Today, fewer than 50% of corporate strategies call out data and analytics as key components in delivering business outcomes, according to Gartner1. With 65% of enterprises planning to increase analytics spend in 20202, it is important to understand why the best of intentions and investments may not translate to business outcomes.
A greenfield analytics journey begins with descriptive analytics to make sense of the data in place and understand current and historical performance better. Sounds simple enough, but setting the right stage in this phase is key to harnessing the right buy-in, sponsorship, and ultimately, driving adoption.
Problems that stymie a successful start arise from multiple aspects:
- Buy-in: The technology is ready, but business is not. A common fallout of a central team focusing largely (and often, solely) on the technology decisions like choice of tools and licensing models early on. While the answers to these questions are imperative, focusing on just these will mean a mad scramble for business ‘owners’ when the clock starts ticking.

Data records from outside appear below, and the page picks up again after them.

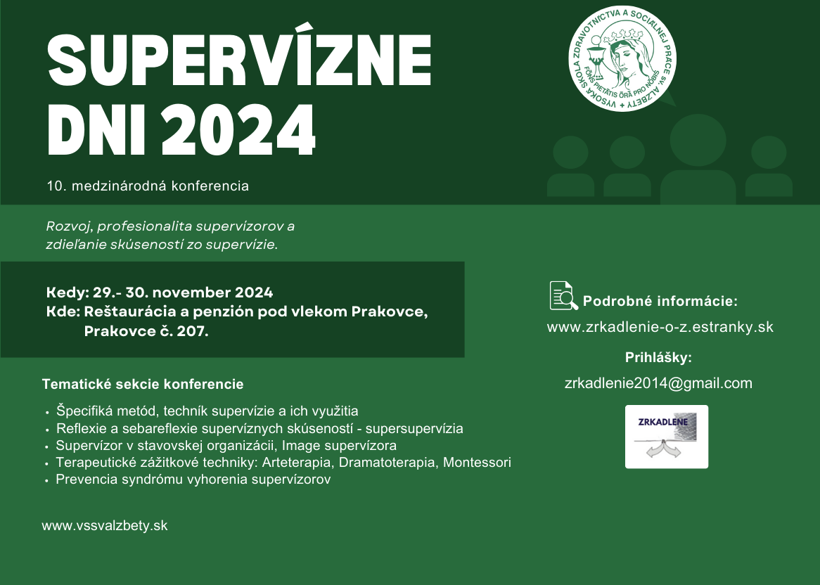 Pozývame vás na medzinárodnú konferenciu SPOLUPRÁCA POMÁHAJÚCICH PROFESIÍ POĽSKO – ČESKO – SLOVENSKÉ ŠTÚDIE v Poľsku - Ksiezowka, Zakopane, ktorá sa bude konať 18. – 19. októbra 2024. (Viac info tu)
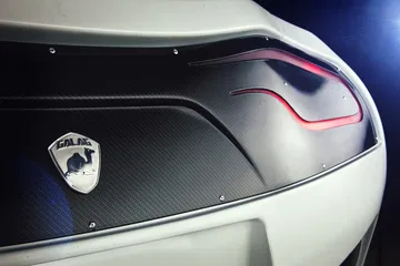 Si nos fijamos en el pilar posterior de este Team Galag TG1 probablemente podamos intuir que lo que se esconde debajo de este deportivo tan peculiar, es realmente un Nissan GT-R. No obstante difícilmente nos encontraremos algún panel intacto y de serie del deportivo original de Nissan. La carrocería ha sido diseñada y construida de nuevo en fibra de carbono, por los preparadores americanos de Parker Brother Concepts y se ha dispuesto de unas llantas especiales de 21” de ADV1 Wheels.
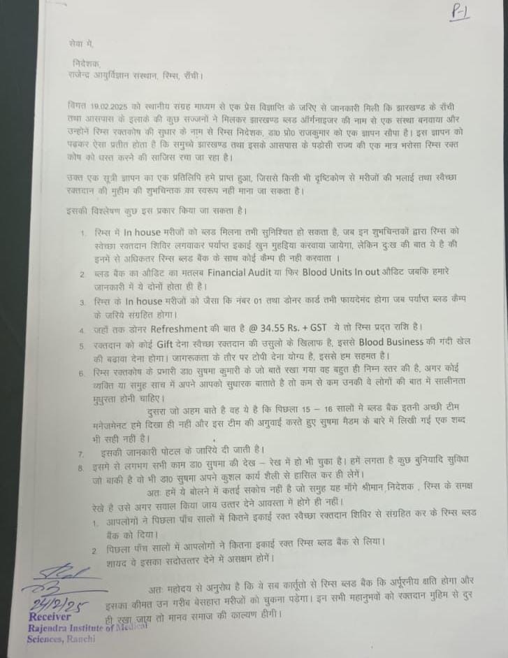 विगत 19.02.2025 को स्थानीय संग्रह माध्यम से एक प्रेस विज्ञाप्ति के जरिए से जानकारी मिली कि झारखण्ड के राँची तथा आसपास के इलाके की कुछ संजजनों ने मिलकर झारखण्ड ब्लड ऑर्गनाइजर की नाम से एक संख्या बनवाया और उन्होंने रिम्स रक्तकोष की सुधार के नाम से रिम्स निदेशक, डा। प्रो० राजकुमार जी को एक ज्ञापन सौपा है। इस ज्ञापन को पढ़कर ऐसा प्रतीत होता है कि समुच्चे झारखण्ड तथा इसके आसपास के पड़ोसी राज्य की एक मात्र भरोसा रिम्स रक्त कोष को धवस्त करने की साजिस रचा जा रहा है।

- Requirements: The value of the initial use cases is not well-defined. When the business objective is not clear, use cases get identified and prioritized primarily on a first-come-first-serve basis.

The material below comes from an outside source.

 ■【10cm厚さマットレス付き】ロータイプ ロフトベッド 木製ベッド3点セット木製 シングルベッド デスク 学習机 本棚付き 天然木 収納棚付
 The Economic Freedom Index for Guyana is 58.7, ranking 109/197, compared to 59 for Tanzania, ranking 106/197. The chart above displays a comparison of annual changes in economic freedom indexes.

- Data: Reaching for more than what the data is capable of. Disparate, inaccurate and irrelevant data will be a ground reality in the beginning and these need to be dealt with before addressing more complex use cases. Leapfrogging without a ‘single source of truth’ in place is tempting, but not sustainable.
- Tools: Succumbing to ‘spreadsheet hangover’. Replicating Excel reports in the new Business Intelligence (BI) landscape not only deters from leveraging the power of a visualization tool but also impacts performance. When a tool’s objective, functionality and limitations are not considered in the design phase, the outcome is unlikely to be well-received.

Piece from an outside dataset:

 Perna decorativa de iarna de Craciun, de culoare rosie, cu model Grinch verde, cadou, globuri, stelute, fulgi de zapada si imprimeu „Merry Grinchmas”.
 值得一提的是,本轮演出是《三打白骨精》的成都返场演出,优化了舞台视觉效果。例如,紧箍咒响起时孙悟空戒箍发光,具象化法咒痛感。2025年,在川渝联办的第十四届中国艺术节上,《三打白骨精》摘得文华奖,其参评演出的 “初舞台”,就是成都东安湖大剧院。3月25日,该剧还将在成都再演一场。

- Methodology: When the approach hinders more than it helps. Project methodology decisions are driven by the availability and constraints related to time, scope, budget and resources. Agile methodology is the popular choice for greenfield projects as it allows for iteration of requirements. But lack of clarity in what constitutes a successful minimum viable product (MVP) can derail projects with multiple unproductive iterations.
These issues ultimately lead to a lack of adoption once you go live, because users don’t see enough differential value to switch over from the status quo. What can be done to avoid these roadblocks?
- Align business from the get-go. Cross-functional champions are as important to success as cross-functional teams are.
- Balance business outcomes with quick wins – shape use cases with the relevant business functions that address existing pain points. If your organization is grappling with increasing customer churn, for example, a good starting point would be understanding attrition patterns and pockets. This could give business insight into the channels and markets where retention programs would be most impactful. As your analytics journey evolves, your roadmap could include building models to predict churn and eventually proactively engage with high-risk customers to extend customer lifetime value.
- Conduct a pragmatic feasibility assessment from a data perspective. It is also important to outline a data quality and governance approach at the beginning to ensure current and future data are more ‘usable for analytics’ and to build data trust.
- To build ‘fit for business’ use cases with the chosen landscape, the business needs to understand the tools and what it can do for them. Arrange for training early on and not just at the time of going live. But this alone is not enough. It is also equally important for the technology teams to understand the business a little better. Sharing requirements over emails will not work. Schedule workshops to brainstorm use cases and outline imparting basic business knowledge to technical teams as part of the agenda.
- Define priorities in requirement definition - which are the most important KPIs, which ones are good to have, which currently exist and cannot be done without, which cannot be considered at this time. Essentially, a MoSCoW of sorts so the team spends time debating requirements proportional to the value.
- Take the time to analyze post-deployment feedback from users and feed the learnings into the next phase.
A successful initial phase with demonstrable benefits will help steer your capabilities towards the ultimate objective of data-driven decision-making and set up the analytics program as an able supporter of a larger business transformation.